Dihydro-5-azacytidine in malignant mesothelioma. A phase II trial demonstrating activity accompanied by cardiac toxicity. Cancer and Leukemia Group B.

BACKGROUND

Malignant mesothelioma is a disease that is refractory to chemotherapy. Therefore, the objective of this multi-institutional, cooperative group Phase II trial was to determine the efficacy of dihydro-5-azacytidine (DHAC), a pyrimidine analogue, in the treatment of malignant mesothelioma.

METHODS

Forty-one patients with histologically confirmed malignant mesothelioma received 120-hour continuous infusions of DHAC (1,500 mg/m2/day every 21 days) until maximal response, intolerable toxicity, or disease progression.

RESULTS

One patient had a complete response, two had objective partial responses, and four had regression of evaluable disease. The overall response rate was 17%. The one complete responder remains without disease progression at 6 years. Chest pain and nausea were the most common toxicities.
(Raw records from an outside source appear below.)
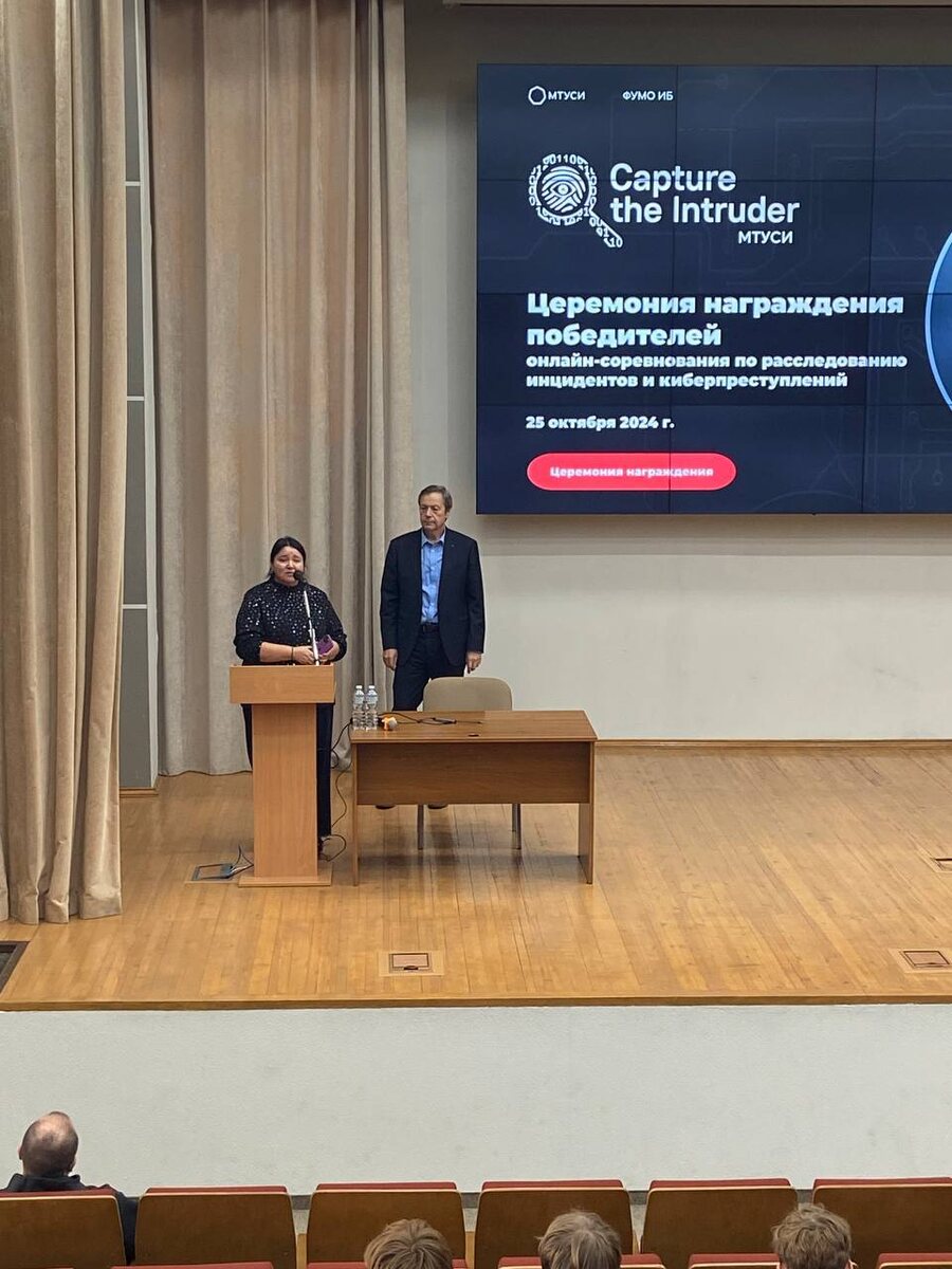 Сегодня в Конгресс-центре МТУСИ прошла торжественная церемония награждения победителей финального этапа онлайн-соревнования по расследованию инцидентов и киберпреступлений «Capture the Intruder» (CTI).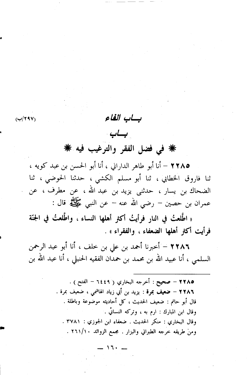 2285- أنا أبو طاهر الداراني، أنا أبو الحسن بن عبد كويه، ثنا فاروق الخطابي، ثنا أبو مسلم الكشي، حدثنا الحوضي، ثنا الضحاك بن يسار، حدثني يزيد بن عبد الله، عن مطرف، عن عمران بن حصين -رضي الله عنه- عن النبي صلى الله عليه وسلم قال: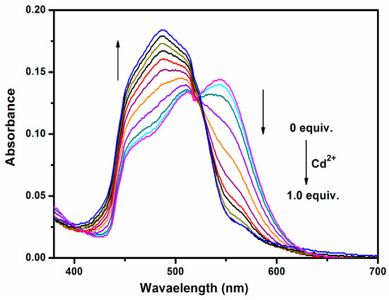 UV-vis absorption spectral change recorded for an acetonitrile solution of sensor 1 (2 μM) upon the titration of Cd2+ ion.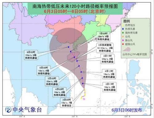 據(jù)中央氣象臺消息,預計3日夜間至5日,西南地區(qū)東部、江南、華南等地自西向東將有一次較強降水天氣過程;南海及華南等地將有較大風雨天氣,中央氣象臺3日06時繼續(xù)發(fā)布熱帶低壓預報。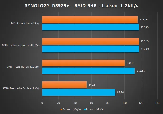 Le test de débit ci-dessous a été réalisé via une connexion SMB, vers un partage non chiffré. Cela donne un aperçu des performances attendues, en mono-lien, pour ceux qui sont sur un réseau 1 Gbit/s.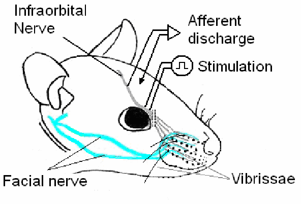 某个研究中对生物放电的记录标志,可以看出触觉须(vibrissae)下的黑点为毛囊,连接着面部神经(facial nerve)和眶下神经(infraorbital nerve)|Albarracín, Ana L. et al. (2007).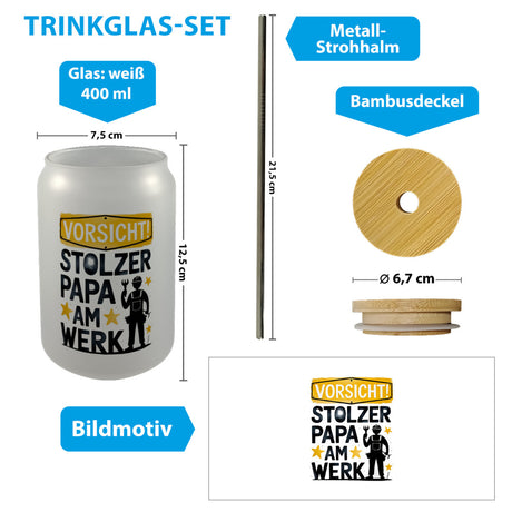 €3,95Grundpreis /Nicht verfügbarAuf LagerVorsicht! Stolzer Papa am Werk Trinkglas mit Bambusdeckel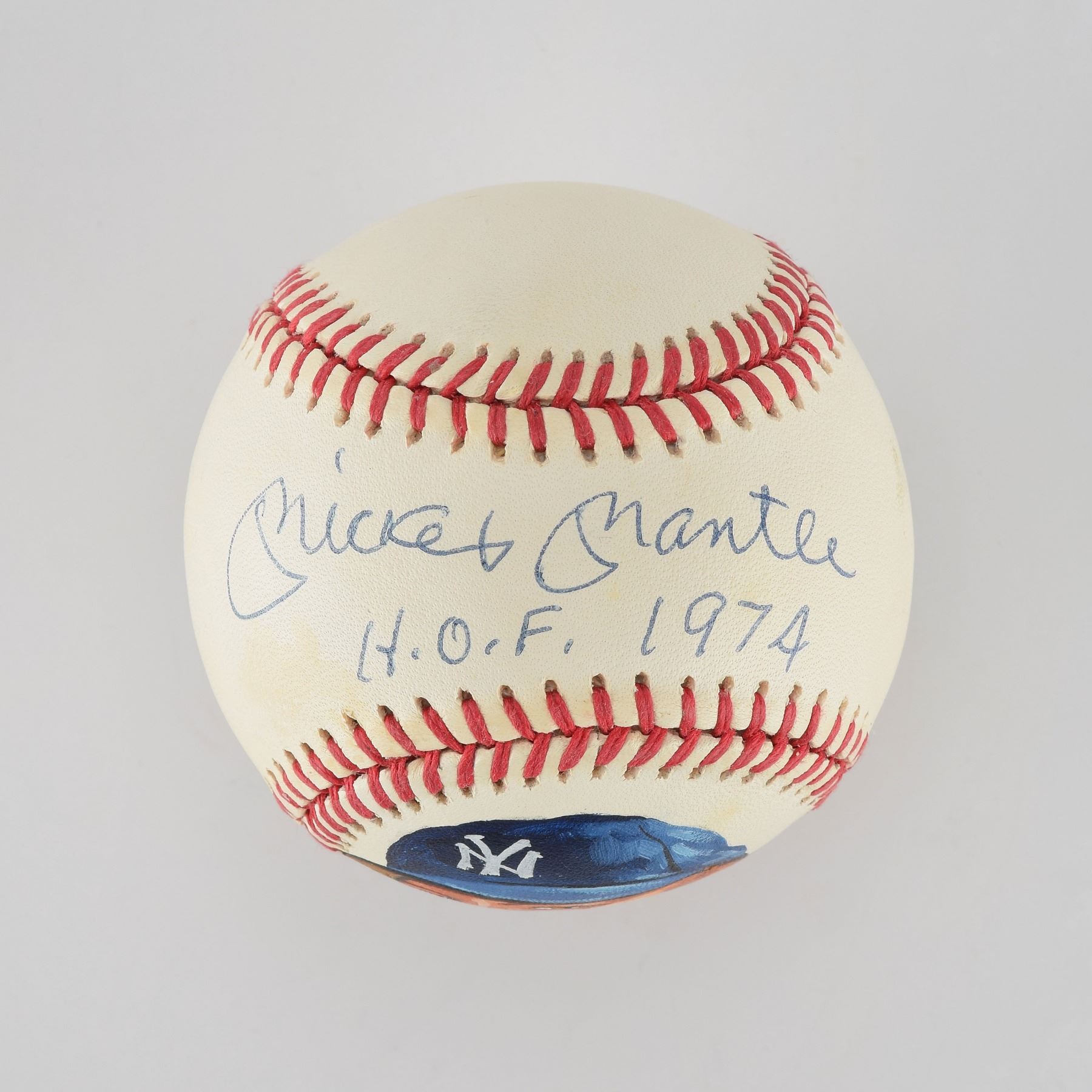 Perfectly placed blue ink "Mickey Mantle H.O.F. 1974" specialty inscribed signature on a hand-painted Mantle portrait OAL Brown baseball.

Supraventricular tachycardia and pericardial effusion occurred in 20% and 15% of patients, respectively. In most patients, gastrointestinal effects were manageable. There was no significant hematologic toxicity.

CONCLUSIONS

In malignant mesothelioma, a disease that is refractory to chemotherapy, dihydro-5-azacytidine has definite antitumor activity. Its modest hematologic toxicity profile favors its use in combination with other agents. Caution regarding cardiac arrhythmias and pericardial effusion is necessary.